Плихте дали всего пять месяцев, потому что почти все женщины заявили на суде, что давали ему деньги добровольно и что прощают его. Только одна не захотела простить — богатая вдова, которую он накрыл всего на пять тысяч.

Через полгода я снова услышал о двух брачных аферах. Опять Плихта, подумал я, но не стал заниматься этим делом. В это время пришлось мне поехать на вокзал в Пардубице, там как раз орудовал один «багажник», — знаете, вор, что крадет чемоданы на перроне. Недалеко от Пардубиц жила на даче моя семья. Я взял для детей в чемоданчик сарделек и копченой колбасы — в деревне, видите ли, это редкость. По привычке я прошел через весь поезд. Гляжу — в одном купе сидит Плихта и обольщает немолодую даму разговорами о нынешнем падении нравов.

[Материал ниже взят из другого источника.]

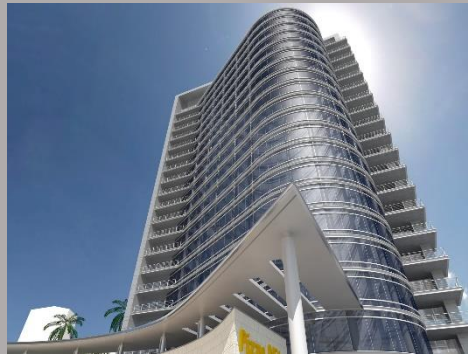
Бизнес-парк «Осокорки» , 2008

— Винценц! — говорю я. — Опять небось обещаешь жениться?

Плихта покраснел и, торопливо объяснив спутнице, что ему нужно поговорить со мной по торговому делу, вышел в коридор и сказал мне с укором:

— Господин Голуб, зачем же так при посторонних! Достаточно кивка, и я сразу выйду к вам. По какому делу вы хотите меня притянуть?

— Опять нам заявили о двух брачных аферах, — говорю я. — Но я сейчас занят, так что сдам тебя полицейскому посту в Пардубице.

— Пожалуйста, не делайте этого, господин Голуб. Я привык к вам, да и вы меня знаете. Уж лучше я пойду с вами. Прошу вас, господин Голуб, ради старого знакомства.

— Никак не выходит, — говорю я. — Я должен заехать к своим, это в часе езды отсюда. Куда же мне девать тебя на это время?

— А я с вами поеду, господин Голуб. По крайней мере, вам не будет скучно.

И он поехал со мной. Когда мы вышли за город, он говорит:

— Дайте-ка ваш чемоданчик, господин Голуб, я его понесу. И знаете что: я пожилой человек. Когда вы на людях говорите мне «ты», странное это производит впечатление.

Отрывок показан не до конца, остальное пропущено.